Through the haze and smoke, they could see the accumulation of US troops on the beach, everything from makeshift tents to groups of tanks and trucks were now ashore. The beach was looking more and more like a parking lot.

Another welcome sight were the formations of planes overhead, on the prowl for any Japanese resistance. These were all navy flyboys. It had been a long time since anyone had seen a Japanese plane — most had long since been blown out of the sky.

By midafternoon, the last push for the summit came. Men stormed toward the battery in the cave, their rifles loaded and at the ready. By now the attackers had it down to a science. They hurled in grenades and charges, ducked and covered, and the earth shook with the force of the explosions. It took just a few minutes to finally wipe out the battery. At long last, the Japanese artillery on the hilltop was silenced. The surviving enemy soldiers had been buried alive underground. Except for a few stray Japanese soldiers, Hill 522 was now in American hands.

The soldiers spent the remainder of the day mopping up or wandering among the many Japanese dead, collecting weapons and other souvenirs. Not everyone wanted to participate in that, thinking it wasn’t right somehow — or maybe they just had an aversion to being around so many dead bodies starting to decompose in the heat. The smell grew more unpleasant as the sun rose higher. Swarms of flies appeared and settled over the bodies. When it came time to eat, the GIs desperately shooed flies off their food, knowing full well that those same flies had been resting on the body of a dead Japanese just a short time before.

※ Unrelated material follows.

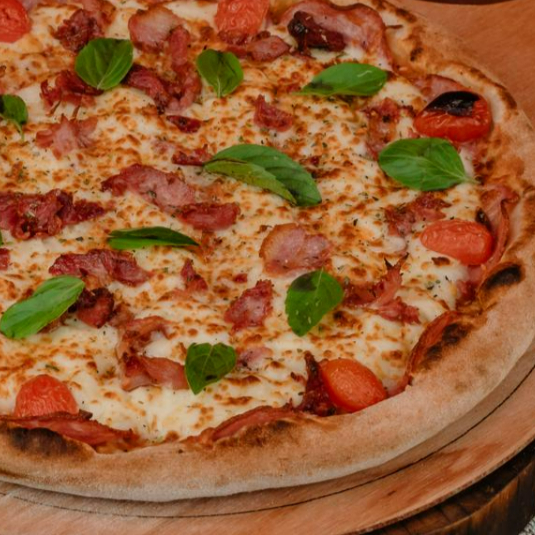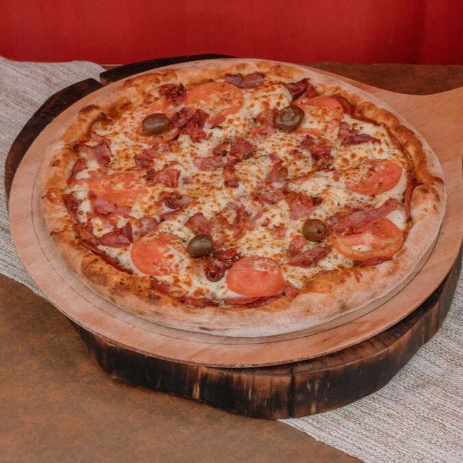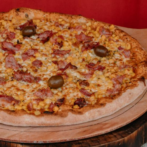 Pizza bacon com milho vai molho de tomate artesanal, queijo mussarela, milho, bacon e parmesão.8 pedaços. (Tags não inclusas: Pizza Piza Pizzaria Pizaria Baby Broto Brotinho Combo Família Para o Dia dos Namorados Mães Pais Natal Pascoa Verão Inverno Refeição completa Massa Artesanal Fermentação Lenta Forno Esfirra Esfiha a Lenha Gourmet Napolitana Receita Italiana Fogazza pizza dobrada frita Fogaça fougasse foccacia Calzone panzerotto)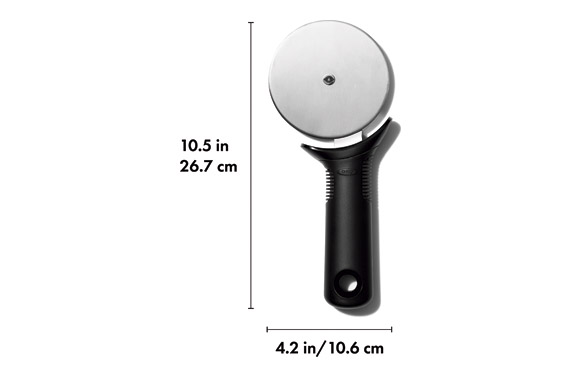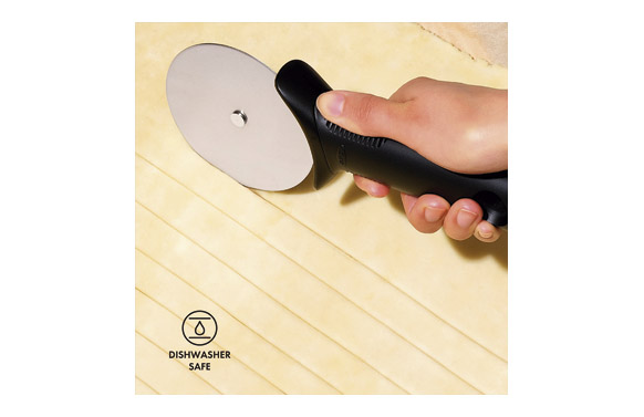 Rueda de acero inoxidable de gran tama¤o para hacer menos presi¢n. Protector de seguridad. Apto lavavajillas. Medida 20×7,5×2,5cm.

Worst of all were the ants, which scurried across the faces of the dead in large numbers, making scavenging forays into ears and nostrils. The sight made more than one soldier shudder, thinking that if he’d been a little less lucky, that would be him out there covered in ants.

Even Philly contented himself with retrieving the sword from the Japanese officer they had killed the night before, and he didn’t venture into the killing field to search for more souvenirs.

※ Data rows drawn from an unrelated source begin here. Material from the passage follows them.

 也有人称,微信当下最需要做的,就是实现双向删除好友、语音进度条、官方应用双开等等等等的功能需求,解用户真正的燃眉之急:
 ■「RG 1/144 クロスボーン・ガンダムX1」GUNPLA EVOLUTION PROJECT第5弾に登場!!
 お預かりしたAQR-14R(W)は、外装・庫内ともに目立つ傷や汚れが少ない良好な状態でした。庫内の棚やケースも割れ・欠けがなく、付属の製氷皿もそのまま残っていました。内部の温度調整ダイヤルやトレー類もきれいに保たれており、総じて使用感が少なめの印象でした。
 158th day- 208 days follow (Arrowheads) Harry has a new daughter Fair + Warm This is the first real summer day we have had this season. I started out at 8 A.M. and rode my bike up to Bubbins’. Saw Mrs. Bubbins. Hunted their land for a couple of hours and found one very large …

“Why, Philly, I reckoned you’d be busy emptying the pockets of those dead Japs.”

“Just more to carry,” he said by way of an excuse.

No orders came to bury the dead.

“Let ’em rot,” said an officer. “Do you think that the Japs would have bothered to bury your stinking carcass if it had been the other way around?”

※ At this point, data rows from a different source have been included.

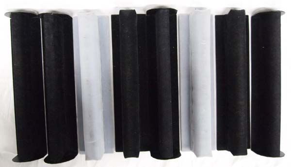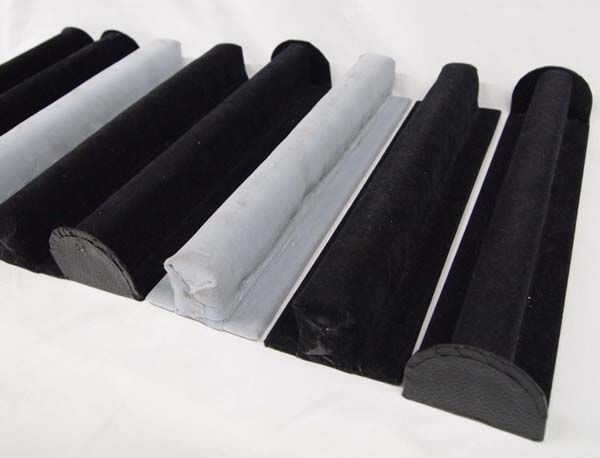 Collection of 8 Velvet Covered Bracelet Displays, longest measures 14''L x 3''W x 2''H, 2 gray and 6 black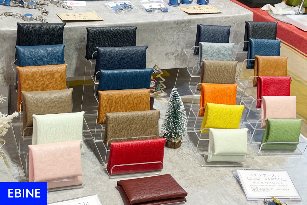 「EBINE」では、小銭入れやミニ財布などマルチに使えるコインケースが大好評。コンパクトなサイズながら、お札やカードもスムーズに収まるアイテムです。シンプルなデザインと機能美はお客様に高く評価されていました。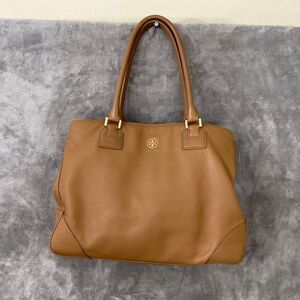 Tory Burch Logo Leather Bag double handles magnetic close, side expandable snaps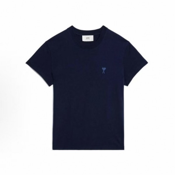 아미파리 SS23 솔리드 컬러 하트 자수 라운드넥 반팔 티셔츠 네이비 (탑아미공장)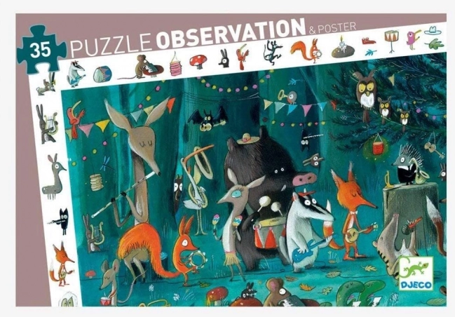Oplev musikkens magi med DJECOs børnepuzzle – Skovorkester. Puslespillet med 35 solide brikker danner et stort billede på 61 × 38 cm og byder på en sjov findespilsramme med detaljer. Plakat medfølger. Ideel til børn fra 3 år, som under samling træner finmotorik, koncentration og kendskab til musikinstrumenter. Store og robuste brikker, søg- og find-ramme med objekter og plakat for nemmere samling garanterer timevis af kreativ underholdning.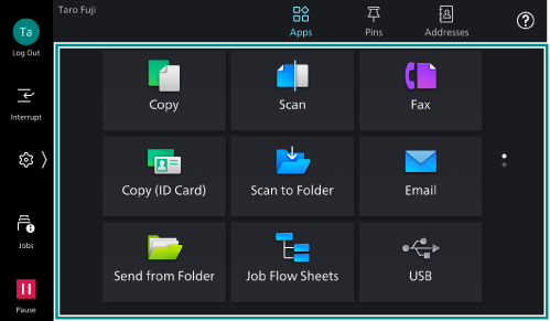 Items appearing on the touch panel display will vary depending on authentication status or apps.

Nobody could argue with the officer’s perspective, but it still didn’t sit right with a lot of the men.

For the rest of their time on the hill, the men of the battalion looked for caves and tunnels that might be housing Japanese troops. They also killed a number of rats and snakes.

The men who had fought so hard for the hill were exhausted, their uniforms soaked with sweat and blood that was not their own. But they had won.

“I’ll be damned,” Deke muttered, looking around at the carnage. “I was halfway thinking that we wouldn’t be here today.”

“I hope you’re not disappointed,” Philly said. Like a lot of soldiers, he had embraced a black sense of humor. “Besides, the day is young. There’s still plenty of time for us to get killed.”

CHAPTER SIXTEEN

While the other Japanese troops awaited their fate deep underground on Hill 522, Ikeda and his band of sogekihei snipers melted into the jungle at the base of the hill.

Isogashī! Hurry!” he ordered them. “We must be swift and silent as smoke. Isogashī! Isogashī!

Ikeda kept a nervous eye on the skies. Though tattered by artillery fire, the forest canopy provided enough cover to hide them from the watchful eyes of enemy planes overhead. Meanwhile, they had managed to slip away without being spotted by the attacking force, which was now intent on going after the Japanese in their underground bunkers, like a pack of terriers after fleeing rats. Ikeda winced at that mental image.